→ **INFORMATION SHOWN**

★ ★ ★ ★ ★ ★ ★

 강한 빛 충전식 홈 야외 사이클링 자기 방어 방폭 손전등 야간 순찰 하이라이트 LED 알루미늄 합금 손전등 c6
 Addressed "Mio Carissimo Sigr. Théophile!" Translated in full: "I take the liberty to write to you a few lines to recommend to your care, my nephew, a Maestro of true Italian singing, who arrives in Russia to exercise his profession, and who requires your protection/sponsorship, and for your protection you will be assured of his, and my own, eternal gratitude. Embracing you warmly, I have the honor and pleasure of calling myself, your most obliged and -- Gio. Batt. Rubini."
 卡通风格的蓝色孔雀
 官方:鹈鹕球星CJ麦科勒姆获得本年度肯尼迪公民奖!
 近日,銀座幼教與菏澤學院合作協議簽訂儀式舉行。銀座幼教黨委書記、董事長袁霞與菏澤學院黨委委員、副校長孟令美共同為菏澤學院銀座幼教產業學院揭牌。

★ ★ ★ ★ ★ ★ ★

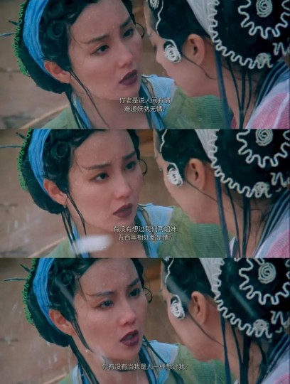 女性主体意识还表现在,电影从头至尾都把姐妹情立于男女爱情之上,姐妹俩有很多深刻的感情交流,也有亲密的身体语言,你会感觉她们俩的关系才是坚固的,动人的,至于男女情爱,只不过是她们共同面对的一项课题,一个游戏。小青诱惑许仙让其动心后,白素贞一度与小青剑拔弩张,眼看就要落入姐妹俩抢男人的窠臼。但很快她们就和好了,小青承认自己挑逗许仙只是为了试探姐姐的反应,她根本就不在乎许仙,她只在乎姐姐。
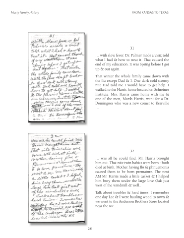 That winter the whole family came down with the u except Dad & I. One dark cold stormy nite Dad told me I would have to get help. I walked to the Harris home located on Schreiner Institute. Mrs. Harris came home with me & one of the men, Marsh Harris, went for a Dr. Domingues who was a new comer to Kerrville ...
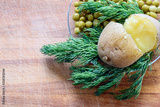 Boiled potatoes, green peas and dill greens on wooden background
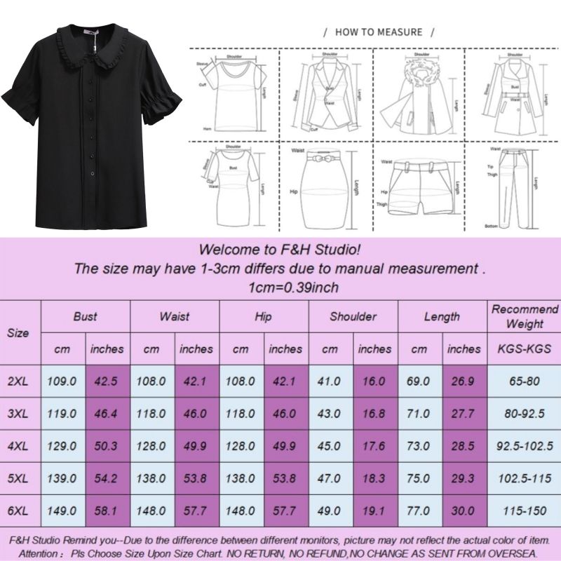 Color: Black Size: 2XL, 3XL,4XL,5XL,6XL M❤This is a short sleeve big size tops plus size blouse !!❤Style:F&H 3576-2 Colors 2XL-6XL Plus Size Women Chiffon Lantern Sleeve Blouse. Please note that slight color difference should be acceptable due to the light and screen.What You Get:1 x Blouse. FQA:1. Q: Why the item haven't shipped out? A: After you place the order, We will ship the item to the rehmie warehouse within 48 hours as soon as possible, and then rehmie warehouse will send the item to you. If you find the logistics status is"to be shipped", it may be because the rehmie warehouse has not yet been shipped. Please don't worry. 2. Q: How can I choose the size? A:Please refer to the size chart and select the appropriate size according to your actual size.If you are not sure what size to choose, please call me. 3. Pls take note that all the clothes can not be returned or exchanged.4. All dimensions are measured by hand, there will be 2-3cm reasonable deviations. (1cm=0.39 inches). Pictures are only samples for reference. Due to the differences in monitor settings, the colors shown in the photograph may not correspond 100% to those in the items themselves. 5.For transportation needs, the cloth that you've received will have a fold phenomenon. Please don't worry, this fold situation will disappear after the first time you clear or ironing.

★ ★ ★ ★ ★ ★ ★

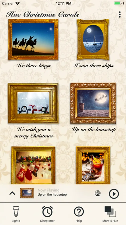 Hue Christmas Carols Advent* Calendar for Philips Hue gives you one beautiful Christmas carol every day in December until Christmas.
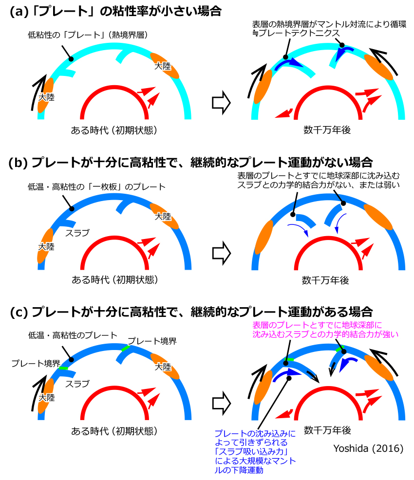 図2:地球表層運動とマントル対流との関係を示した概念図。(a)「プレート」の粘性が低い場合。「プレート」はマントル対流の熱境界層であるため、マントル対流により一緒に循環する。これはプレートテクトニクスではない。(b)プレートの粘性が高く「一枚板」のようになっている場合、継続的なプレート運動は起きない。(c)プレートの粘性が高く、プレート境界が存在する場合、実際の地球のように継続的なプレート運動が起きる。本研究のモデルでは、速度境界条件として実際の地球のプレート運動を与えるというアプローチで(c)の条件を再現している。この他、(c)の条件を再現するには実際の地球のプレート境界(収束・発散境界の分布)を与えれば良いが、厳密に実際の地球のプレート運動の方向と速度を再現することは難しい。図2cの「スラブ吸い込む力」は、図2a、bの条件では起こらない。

★ ★ ★ ★ ★ ★ ★

Return word for word the lines above from the line with "take the liberty" to the line with "近日,銀座幼教與菏澤學院合作", including both and leaving out all others.

 Addressed "Mio Carissimo Sigr. Théophile!" Translated in full: "I take the liberty to write to you a few lines to recommend to your care, my nephew, a Maestro of true Italian singing, who arrives in Russia to exercise his profession, and who requires your protection/sponsorship, and for your protection you will be assured of his, and my own, eternal gratitude. Embracing you warmly, I have the honor and pleasure of calling myself, your most obliged and -- Gio. Batt. Rubini."
 卡通风格的蓝色孔雀
 官方:鹈鹕球星CJ麦科勒姆获得本年度肯尼迪公民奖!
 近日,銀座幼教與菏澤學院合作協議簽訂儀式舉行。銀座幼教黨委書記、董事長袁霞與菏澤學院黨委委員、副校長孟令美共同為菏澤學院銀座幼教產業學院揭牌。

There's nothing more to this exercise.